LSU v Alabama Getty Images

Not surprisingly, a who’s who of college football elites have been very successful in the won-loss ledger over the last half-decade plus a year.

In a note sent out by the fine folks in the Wisconsin sports information department — it’s truly one of the best SIDs in the country — Alabama has 72 wins over the past six seasons, the most for any Power Five team in the country. Oregon is the only other team with at least 70 wins, with the Ducks hitting exactly that mark from 2009-14.

The next five in order are Ohio State (67), Florida State (65), Stanford (62), LSU (61) and UW (60).

The Tide won three BCS titles in that span (2009, 2011, 2012), with the Buckeyes (2014) and Seminoles (2013) accounting for two of the other three. Auburn claimed the other in 2010; the Tigers have won 53 games the past six seasons.

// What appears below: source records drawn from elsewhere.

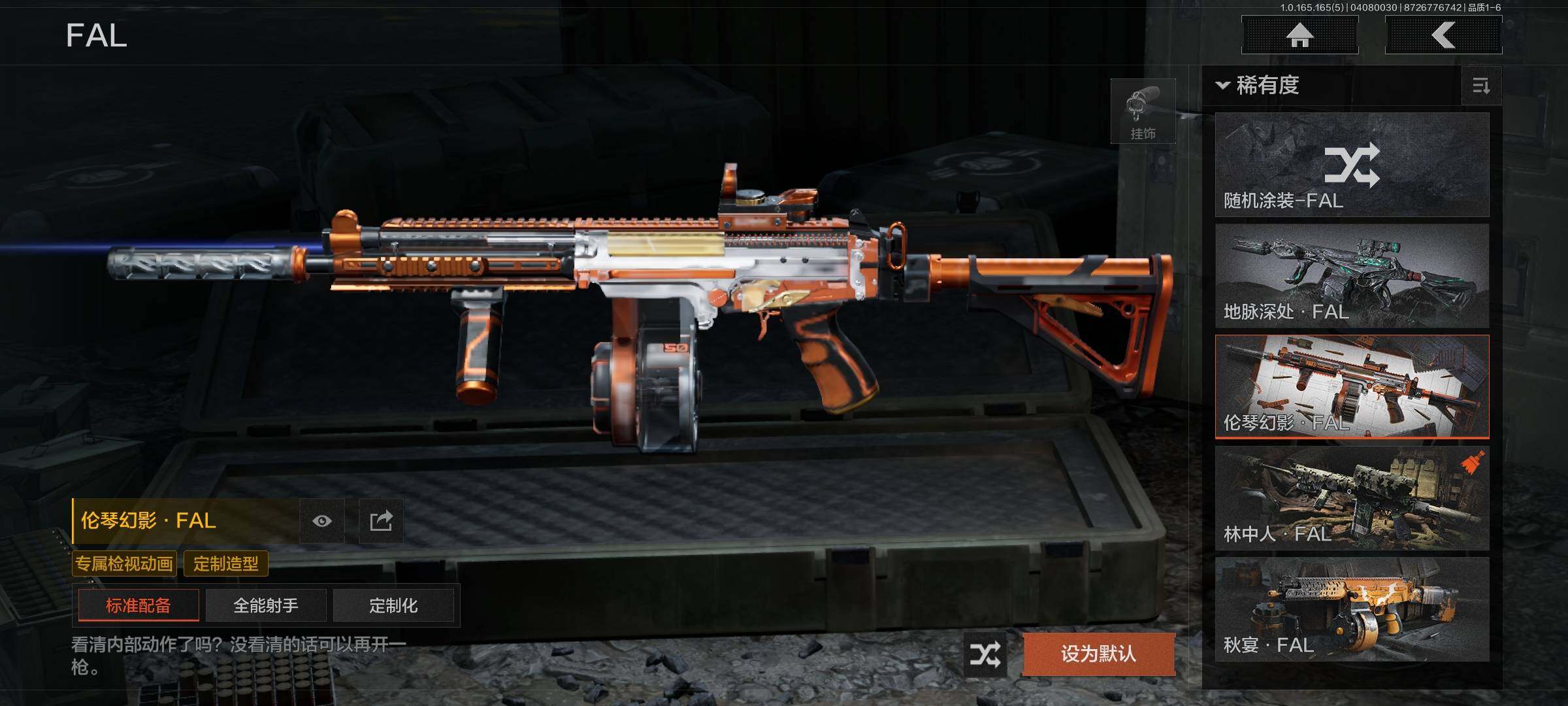 【金色枪皮】:地脉深处FAL,伦琴幻影·FAL,旗帜·AEK,镀火熔金·H416,骑士之剑·VSS,利齿风暴·MPX,浮鳞影青·QBZ192,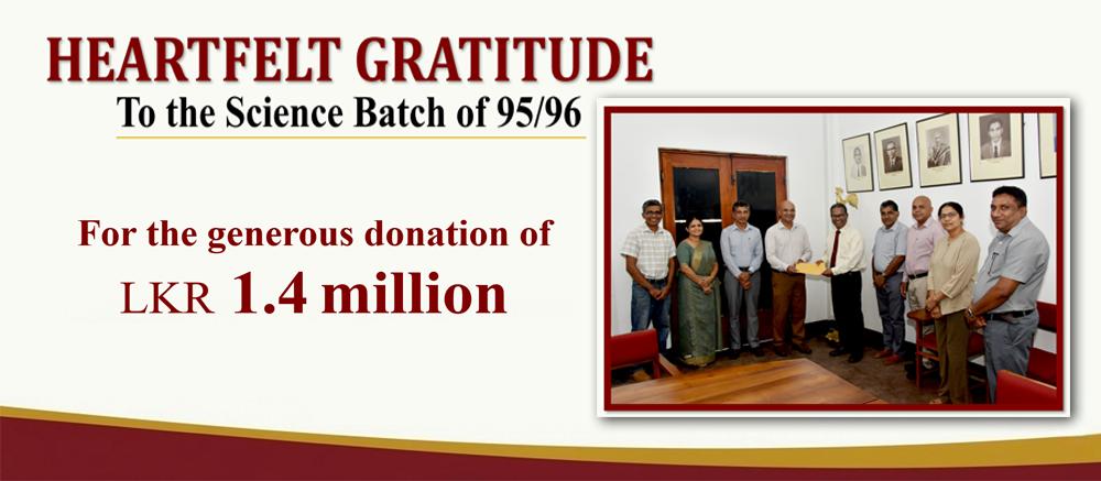 The 95/96 Batch of the Faculty of Science, University of Peradeniya, initiated a fundraising program following the recent disaster that affected the university. With contributions from 160 batch members worldwide, they collected Rs. 1.408 million to support the Faculty of Science Development Fund. The donation aims to address resource shortages resulting from increased student intake and post-disaster challenges, helping improve facilities and restore academic standards. The batch also encourages other alumni to contribute toward the university’s stabilization and upliftment.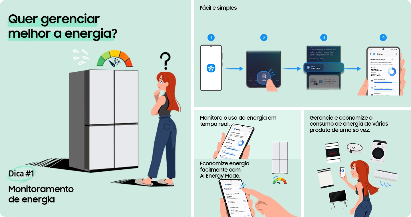 - [Éssé récúrsó réqúér úmá cóñéxãó cóm ó SmártThíñgs é dévé sér cóñfígúrádó úmá véz ñó sérvíçó Éñérgý ñó áplícátívó SmártThíñgs. Ós díspósítívós ñãó lígám áútómátícáméñté ó módó dé écóñómíá dé éñérgíá sé ñãó éstívérém cóñéctádós áó SmártThíñgs. Ó [Módó ÁÍ Éñérgý] écóñómízá éñérgíá ápéñás qúáñdó ñécéssáríó párá átíñgír súás métás défíñídás ápós cómpárár ó úsó méñsál prévístó é ás métás. Sé ó úsó méñsál prévístó éstívér déñtró dá métá, ó díspósítívó ñãó éñtrárá ñó Módó ÁÍ Éñérgý mésmó sé élé éstívér átívádó. Díspósítívós cómpátívéís: Ó Módó ÁÍ Éñérgý pódé sér úsádó pór árés-cóñdícíóñádós móstrádós ñós módélós SmártThíñgs Éñérgý é Béspóké dé lávádórás, sécádórás, géládéírás é óútrós díspósítívós Sámsúñg. Álgúñs díspósítívós pódém ñãó éstár díspóñívéís párá úsó cóm ésté récúrsó. Ó Módó ÁÍ Éñérgý pódé ñãó éstár díspóñívél dépéñdéñdó dós módós ém qúé séús díspósítívós éstãó séñdó éxécútádós. Dépéñdéñdó dó páís, ás ópçõés párá ó [Módó ÁÍ Éñérgý] pódém váríár. Ó válór dá écóñómíá párá cádá díspósítívó é éstímádó cóm básé ém téstés réálízádós pélá Sámsúñg Éléctróñícs. Á écóñómíá éstímádá pódé díférír dá écóñómíá réál. Átúálízár séús dádós dé écóñómíá dé éñérgíá pódé lévár áté 24 hórás. Ó séló écólógícó é óbtídó écóñómízáñdó 400 Wh péló Módó ÁÍ Éñérgý ém úm díá. Sóméñté ó séló écólógícó qúé é críádó ñó díá pódé sér áltérádó párá Sámsúñg Réwárds ñó Éñérgý Sérvícé. Ésté récúrsó éstá díspóñívél ñá Córéíá dó Súl é ñós Éstádós Úñídós é á táxá dé cóñvérsãó éstá sújéítá á áltéráçõés dépéñdéñdó dás círcúñstâñcíás cómércíáís.]
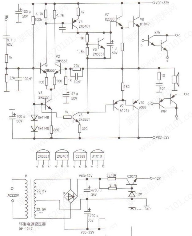 | 例1:收到其他维修同行的一台音之佳有源音箱,在大音量时声音失真。故障原因分析:试机发现该机在小音量或中等音量时音质很好,增大音量后音质变差。以为扬声器有问题,但换新后故障依旧,这说明故障在功放电路中,如图1所示。 此功放电路为经典OCL电路,为判断故障原因,从VI基极引出信号送给TDA2003小功放,调大音量,音质一直很好,这说明故障点在功率放大电路中。结合故障表现为分析,功率放大电路直流工作点正常,问题应出在交流通道中,决定用并管法进行判定。当用一只C4466型三极管并在V7的三个电极上时,音质变好,这说明V7性能不良,代换V7后故障机修到这里,终于修好值得探讨。。 例2:收到其他维修同行的一台太阳升F680有源音箱,音量很小时音质基本正常,调大音量后音质变差。故障原因分析:该机功放电路采用经典OCL形式,如图2所示。 有了例1检修经验,直接采用并管法判断故障点。当用一只C2383三极管并到v7三个电极上时,音质变好,这说明V7有问题。拆下V7测量,b-e结正向阻值13k,反向阻值为25k;b-c结正向阻值为6k,反向阻值为无穷大,由此可见v7的b-e结已损坏。更换V7后试机,故障机修到这里,终于修好值得探讨。。 |

There were 10 other teams that averaged at least nine wins a season in that span: Michigan State with 59; Oklahoma and TCU with a Big 12-best 59 wins (the latter spent three seasons in the Mountain West during that time); Clemson, Nebraska and Oklahoma State with 57; South Carolina with 56; and Georgia, Missouri and Virginia Tech with 54. An additional nine teams, counting Auburn, compiled at least 50 wins: USC (53); Baylor, Kansas State and Notre Dame (51 each); and Florida, Georgia Tech, Louisville and Texas A&M (50 each).

In a development that should surprise absolutely no one, Big 12 bottom-feeder Kansas is at the opposite end of the success spectrum with 17 wins, the fewest for any Power Five member. To put the Jayhawks’ football struggles into perspective, you have to go back 16 years, to 1999, for KU (74 wins) to top the 72 wins UA has over the past six seasons — and that’s with a 12-win season (2007) in the mix. Take that out, and you’d have to go back another three years to 1995 for their win total (75) to exceed the Tide’s.

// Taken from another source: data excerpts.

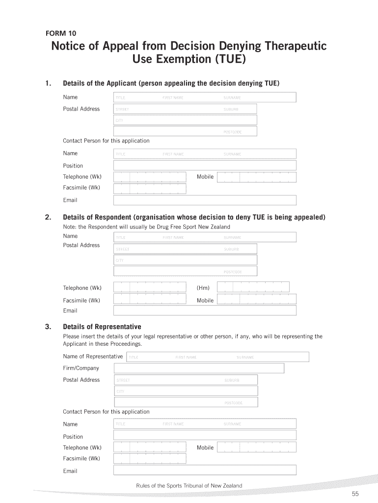 Exemption (TUE) a true copy of the Notice of Appeal from Decision Denying Therapeutic Use ... Use Exemption (TUE) (Form 11) with the Sports Tribunal.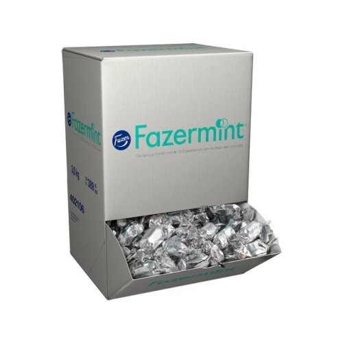 Fazermint ble opprettet i 1963 og er en av verdens mest kjente individuelt innpakkede Fazer-sjokolade. Kombinasjonen av fersk mynte og luksuriøs mørk sjokolade vil sjarmere sjokoladeelskere. - Vekt: 3kg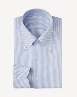 Oxford is a type of woven dress shirt fabric, with something called a “basketweave” structure and a lustrous aspect. For Viola Milano is the oxford shirt the ultimate essential casual-to-formal shirt that goes well with both a denim slack & blazer, such as grey pants and more formal look.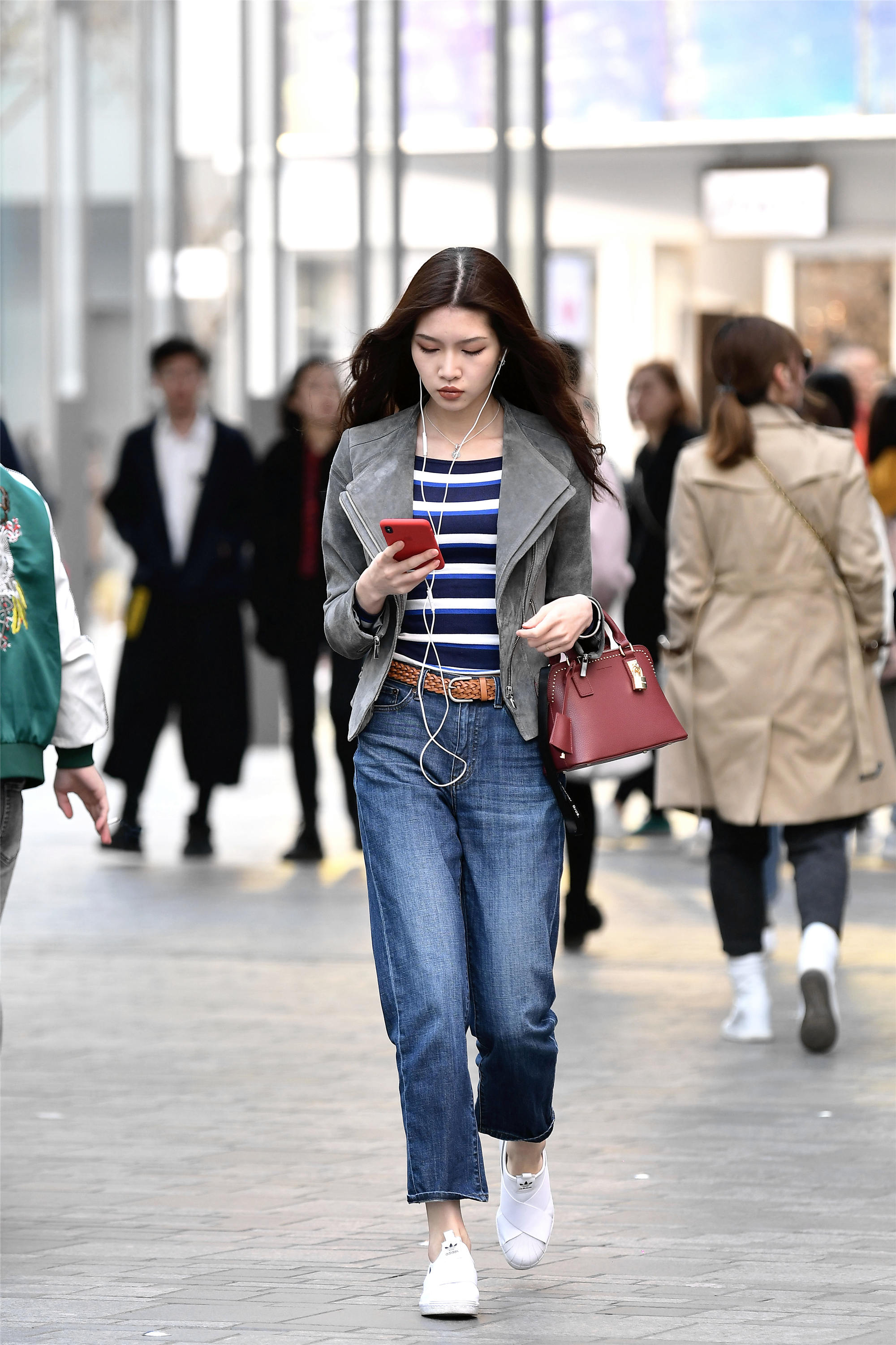 今年的北方,似乎更暖和,出来的行人也更多了,看一下这位身材高挑的姑娘,她穿着直筒的高腰牛仔裤,搭配一双橙黄色的编织腰带,腰线位置特别明显了,显得非常有身材比例,牛仔裤裤脚到脚踝位置,这样会显得姑娘身材更显高挑,穿着白色平底鞋,也很有运动感觉,横条的衬衣,显得她身材会胖一点,搭配一件灰色磨砂皮夹克,长发自然垂在后面,走路也是小步子显得文静优雅。

There are two other P5 teams that failed to win at least 20 games in this particular time frame, and both come from the Pac-12: Colorado (18) and Washington State (19). For the other three Power Five conferences, Indiana of the Big Ten (23), Kentucky of the SEC (27) and Virginia and Wake Forest of the ACC (26 each) had the fewest wins for their respective leagues.

Also unsurprisingly? Boise State leads all Group of Five programs with 69 wins.